_Directions for this task_:
Copy out the entries below exactly as they stand, but only from the line containing "Investment Authority, ADIA)——持股1023.83万股,持股占流通股比例约为0.05%。" through the line containing "Бусины пластик 6х6х3".

_Information_:
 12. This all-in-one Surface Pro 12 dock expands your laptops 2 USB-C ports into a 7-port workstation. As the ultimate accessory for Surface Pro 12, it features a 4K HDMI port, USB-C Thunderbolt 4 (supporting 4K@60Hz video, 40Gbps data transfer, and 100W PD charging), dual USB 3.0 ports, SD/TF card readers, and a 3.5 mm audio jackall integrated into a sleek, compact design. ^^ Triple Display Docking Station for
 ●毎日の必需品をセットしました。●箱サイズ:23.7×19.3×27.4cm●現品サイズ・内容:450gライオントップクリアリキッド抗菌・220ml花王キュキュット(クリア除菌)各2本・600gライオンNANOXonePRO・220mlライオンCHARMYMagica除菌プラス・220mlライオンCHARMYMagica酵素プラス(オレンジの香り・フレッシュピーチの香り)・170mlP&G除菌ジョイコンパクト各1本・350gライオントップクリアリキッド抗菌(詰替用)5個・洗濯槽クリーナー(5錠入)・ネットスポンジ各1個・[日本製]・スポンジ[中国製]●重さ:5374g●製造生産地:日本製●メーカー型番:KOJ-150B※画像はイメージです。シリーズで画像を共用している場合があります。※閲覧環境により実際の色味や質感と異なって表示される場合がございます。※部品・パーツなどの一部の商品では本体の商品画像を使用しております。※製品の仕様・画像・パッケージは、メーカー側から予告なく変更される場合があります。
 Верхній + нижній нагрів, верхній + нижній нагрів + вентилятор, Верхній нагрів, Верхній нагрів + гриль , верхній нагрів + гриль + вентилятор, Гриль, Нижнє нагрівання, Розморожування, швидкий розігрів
==
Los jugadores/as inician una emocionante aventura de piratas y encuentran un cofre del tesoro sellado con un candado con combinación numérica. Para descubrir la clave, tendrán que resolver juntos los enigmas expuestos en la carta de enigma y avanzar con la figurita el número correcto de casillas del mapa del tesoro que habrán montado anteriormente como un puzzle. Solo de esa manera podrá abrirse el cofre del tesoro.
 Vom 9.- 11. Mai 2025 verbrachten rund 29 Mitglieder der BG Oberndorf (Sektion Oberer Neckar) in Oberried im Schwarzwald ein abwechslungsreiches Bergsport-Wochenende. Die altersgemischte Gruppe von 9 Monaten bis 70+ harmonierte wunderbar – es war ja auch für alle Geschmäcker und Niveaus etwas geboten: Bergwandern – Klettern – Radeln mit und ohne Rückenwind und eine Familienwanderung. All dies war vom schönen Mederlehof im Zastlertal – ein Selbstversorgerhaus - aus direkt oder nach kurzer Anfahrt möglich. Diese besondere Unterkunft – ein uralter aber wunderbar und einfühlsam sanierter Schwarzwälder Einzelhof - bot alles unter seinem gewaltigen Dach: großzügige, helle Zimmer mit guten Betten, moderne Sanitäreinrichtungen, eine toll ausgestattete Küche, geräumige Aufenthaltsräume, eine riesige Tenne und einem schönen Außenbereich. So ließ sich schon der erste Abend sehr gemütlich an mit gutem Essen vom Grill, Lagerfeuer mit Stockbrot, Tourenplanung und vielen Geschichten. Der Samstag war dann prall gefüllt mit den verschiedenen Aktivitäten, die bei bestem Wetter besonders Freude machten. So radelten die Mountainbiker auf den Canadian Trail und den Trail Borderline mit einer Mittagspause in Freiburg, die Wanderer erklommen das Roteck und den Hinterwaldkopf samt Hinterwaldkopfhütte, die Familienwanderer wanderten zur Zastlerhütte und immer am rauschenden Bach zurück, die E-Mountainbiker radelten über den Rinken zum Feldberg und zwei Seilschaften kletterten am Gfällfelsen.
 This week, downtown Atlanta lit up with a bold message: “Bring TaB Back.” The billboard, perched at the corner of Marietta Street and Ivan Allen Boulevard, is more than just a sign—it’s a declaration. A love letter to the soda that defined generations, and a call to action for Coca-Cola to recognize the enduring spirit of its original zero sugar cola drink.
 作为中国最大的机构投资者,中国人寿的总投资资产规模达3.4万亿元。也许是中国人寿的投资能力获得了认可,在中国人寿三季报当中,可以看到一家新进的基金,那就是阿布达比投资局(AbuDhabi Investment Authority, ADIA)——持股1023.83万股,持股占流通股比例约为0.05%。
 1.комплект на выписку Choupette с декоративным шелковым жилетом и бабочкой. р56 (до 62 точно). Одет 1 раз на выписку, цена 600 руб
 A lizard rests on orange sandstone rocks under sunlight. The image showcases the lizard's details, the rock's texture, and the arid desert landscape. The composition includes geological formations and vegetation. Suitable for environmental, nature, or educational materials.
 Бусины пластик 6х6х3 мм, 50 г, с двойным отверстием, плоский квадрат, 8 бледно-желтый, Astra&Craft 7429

_Exercise output_:
 作为中国最大的机构投资者,中国人寿的总投资资产规模达3.4万亿元。也许是中国人寿的投资能力获得了认可,在中国人寿三季报当中,可以看到一家新进的基金,那就是阿布达比投资局(AbuDhabi Investment Authority, ADIA)——持股1023.83万股,持股占流通股比例约为0.05%。
 1.комплект на выписку Choupette с декоративным шелковым жилетом и бабочкой. р56 (до 62 точно). Одет 1 раз на выписку, цена 600 руб
 A lizard rests on orange sandstone rocks under sunlight. The image showcases the lizard's details, the rock's texture, and the arid desert landscape. The composition includes geological formations and vegetation. Suitable for environmental, nature, or educational materials.
 Бусины пластик 6х6х3 мм, 50 г, с двойным отверстием, плоский квадрат, 8 бледно-желтый, Astra&Craft 7429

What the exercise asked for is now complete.